Whether or not he was certifiable, Viktor discovered that playing crazy could get him out of a 10-year sentence he got in 1975 for stealing icons from Russian Orthodox churches, a crime that later became his specialty. At the trial, his accomplices testified that Viktor bit the throat of a church guard dog that attacked the thieves, a legend that enhanced his reputation.

Feigning insanity, he was soon transferred from a hard labor camp in the Urals to a cushy hospital near Moscow. Released two years later, Viktor made sure he always had with him a real certificate attesting to his insanity. It didn't hurt that, by chance, the head of the hospital he'd stayed at was also named Kogan, so the stationery Viktor stole there had a ring of authority. The idea itself was not original. "That system existed in the mid-1980s, until a bunch of doctors were arrested for selling such certificates," said Sumtsov.

During perestroika, Viktor branched out into protection. His first victim was a Jewish businessman named Rodion Zigband who, says Sumtsov, later became Viktor's partner. From there, Viktor moved into the theft of computers and other imported goods that began to flood into Russia.

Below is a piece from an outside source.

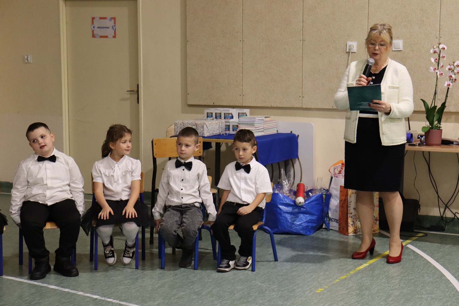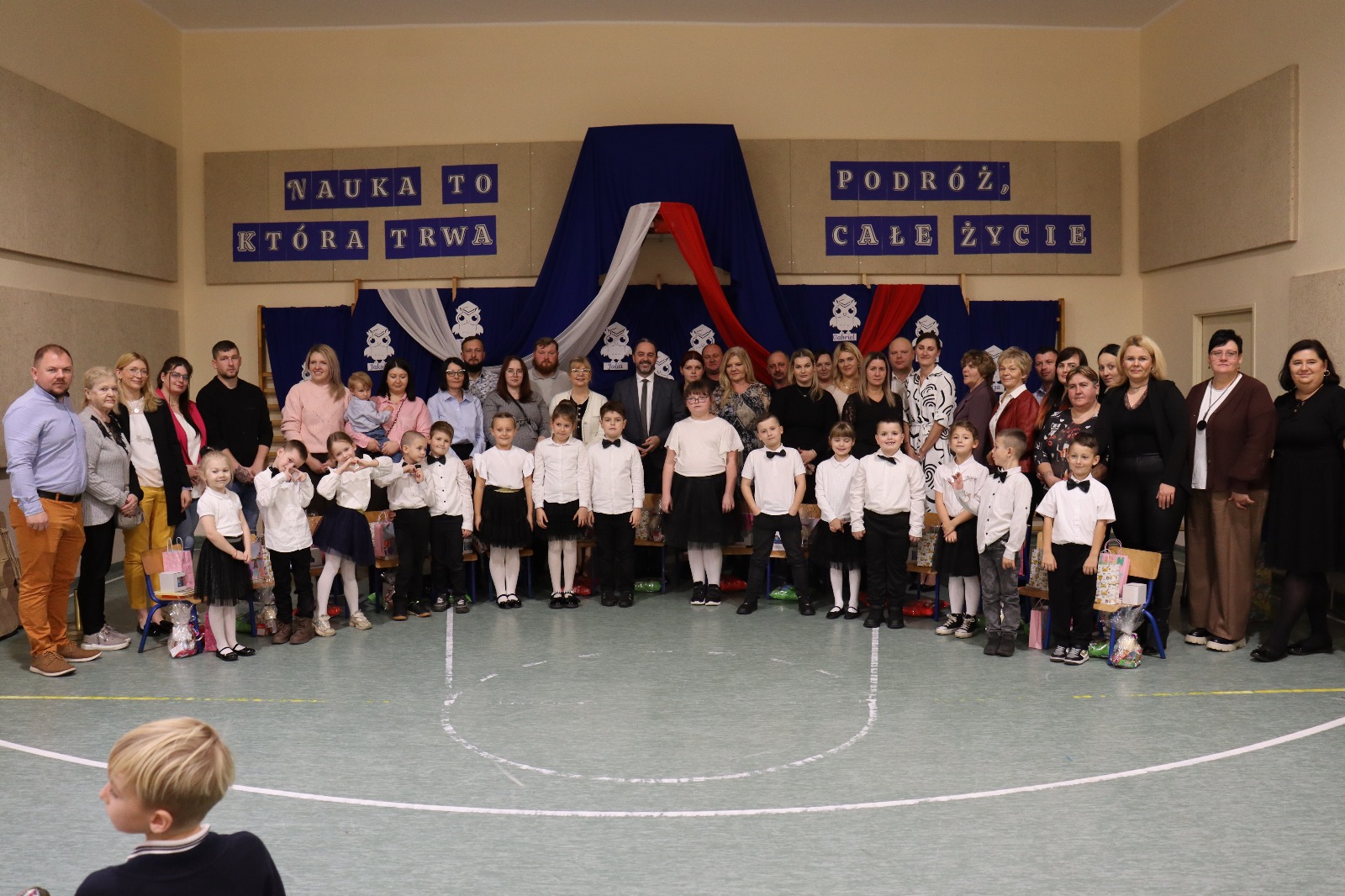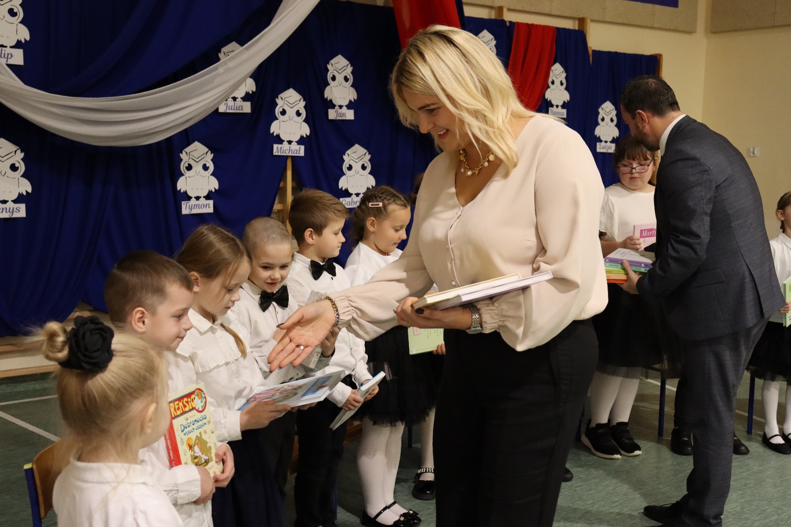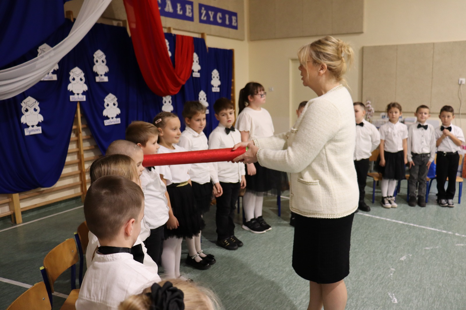 . Przy asyście pocztu sztandarowego odśpiewano hymn państwowy, a następnie Pani Dyrektor- Renata Mankiewicz dokonała aktu pasowania na ucznia

With his profits, he crossed the line into the newly legal world of private enterprise in Viktor's terms, the transition to a market economy by investing in real estate and importing pinball machines, which he sold to arcades in his territory (thereby increasing the number of shops he could squeeze protection money out of). His wife, Lena, whom Sumtsov calls a "gun moll" opened a store near Moscow's Luzhniki stadium to sell stolen goods and, among other thing, live snakes.

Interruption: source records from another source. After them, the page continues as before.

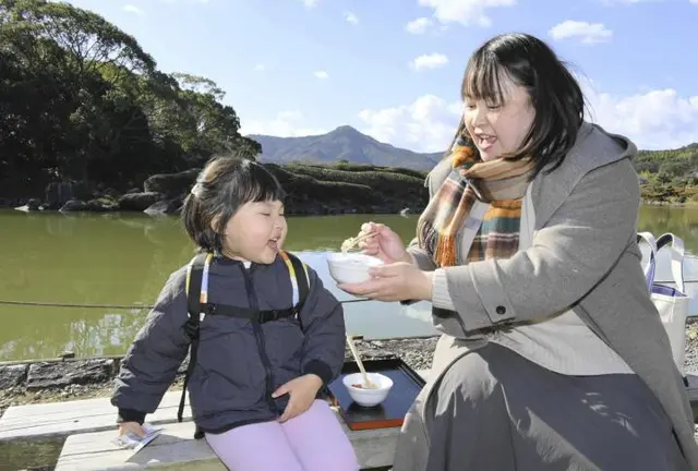愛媛県宇和島市にある美しい日本庭園「南楽園」で、7日に約150食の七草がゆが振る舞われ、多くの来場者が新春の味を楽しみながら無病息災を願いました。
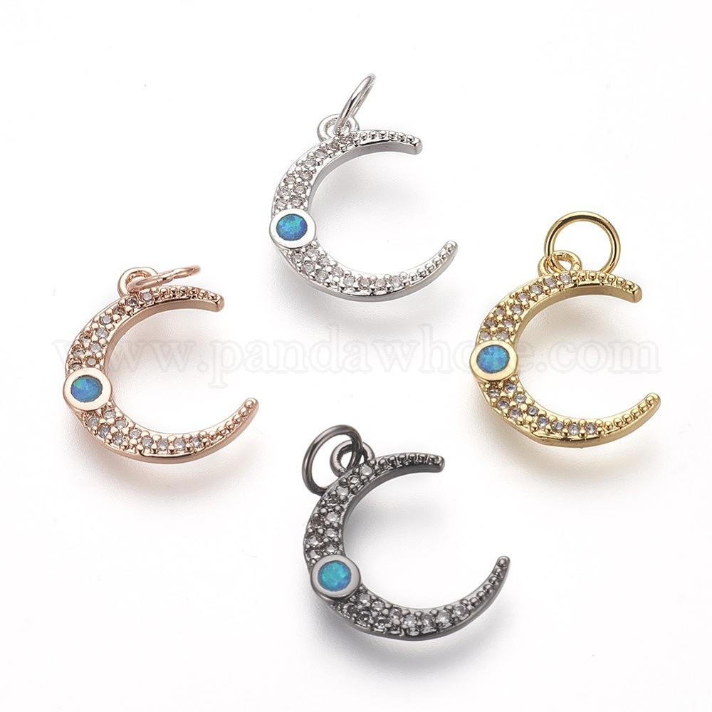 Латунные микро проложить кубического циркония подвески, с опалом, без свинца, без кадмии и без никеля, луна
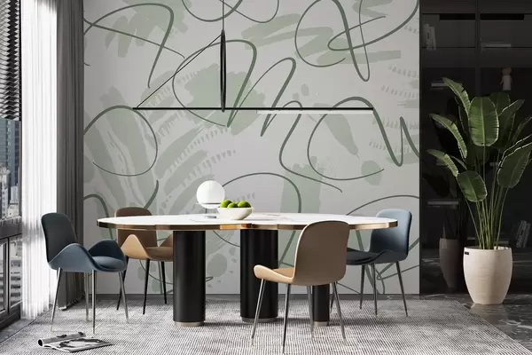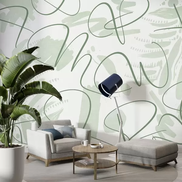 Stenske poslikave Kaligrafska abstrakcija s črkami, potezami čopiča, zeleno barvo Št. w03913v3

"Viktor liked snakes. Once when we searched his apartment, we found two snakes slithering around loose," says Sumtsov, adding that Viktor also liked foreign cars and guns, keeping several of each. Sumtsov recalls: "Once I said to him, `Viktor, hand over the machine gun,' and he said, `I threw it in the river.' Of course he had it, but he always had with him a certificate stating that the weapon in his possession was `to be delivered to the KGB' and he'd say he was just on his way there."

Despite his new endeavors, Viktor retained an affection for church jobs. During the night of November 23-24, 1991, Viktor bluffed his way into a church near Moscow's famous Donskoi monastery by telling the night watchman he was a lost soul in need of God. Once inside, he knocked out the guard with gas and stole half a dozen 16th- and 17th-century icons laden with gold and precious stones a haul worth more than 100,000. Or so says Sumtsov, who admits he was never able to pin the job on Viktor.

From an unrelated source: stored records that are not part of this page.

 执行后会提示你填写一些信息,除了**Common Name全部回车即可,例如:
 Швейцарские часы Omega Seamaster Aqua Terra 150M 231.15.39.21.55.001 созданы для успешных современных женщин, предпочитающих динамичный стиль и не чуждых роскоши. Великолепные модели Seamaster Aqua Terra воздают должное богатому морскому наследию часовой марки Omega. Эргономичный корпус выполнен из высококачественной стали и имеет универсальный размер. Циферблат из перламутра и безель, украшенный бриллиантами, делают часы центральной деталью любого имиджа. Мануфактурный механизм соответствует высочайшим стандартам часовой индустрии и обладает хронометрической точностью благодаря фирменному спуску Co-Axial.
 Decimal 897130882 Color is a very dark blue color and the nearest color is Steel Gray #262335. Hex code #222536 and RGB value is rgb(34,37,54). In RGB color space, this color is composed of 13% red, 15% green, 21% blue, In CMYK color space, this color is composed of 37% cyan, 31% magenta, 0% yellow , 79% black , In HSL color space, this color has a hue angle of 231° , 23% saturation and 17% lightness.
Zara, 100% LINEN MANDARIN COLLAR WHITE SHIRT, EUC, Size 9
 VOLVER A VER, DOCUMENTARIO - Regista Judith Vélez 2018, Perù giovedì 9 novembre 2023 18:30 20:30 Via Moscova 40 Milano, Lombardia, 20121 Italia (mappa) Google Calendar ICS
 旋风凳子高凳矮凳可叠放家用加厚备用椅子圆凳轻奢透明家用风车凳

Unlike some Jewish mobsters, explains the detective, Viktor didn't have trusted export connections to Brooklyn gangs. So he relied on Yugoslav contacts and corrupt West African diplomats to handle the export of stolen gold, precious stones and icons, such as those from the Donskoi job, to Germany. The ultimate destination of the goods, says Sumtsov, wasn't part of Viktor's operation.

As long as police salaries are low around $120 a month and profits from crime high, groups like Viktor's will continue to operate, says Captain Rushailo. "You can't have organized crime without official corruption," he says.

Viktor the Yid is gone but others will take his place. His widow, Lena, is running the gang for the moment, says Sumtsov, but maybe his son, Lev, will someday step into his shoes. "They talked freely in front of him. I would say Lev has grown up in a criminal environment," says the detective. "Once we entered the apartment and found him cracking nuts with the butt of a pistol. He was nine at the time."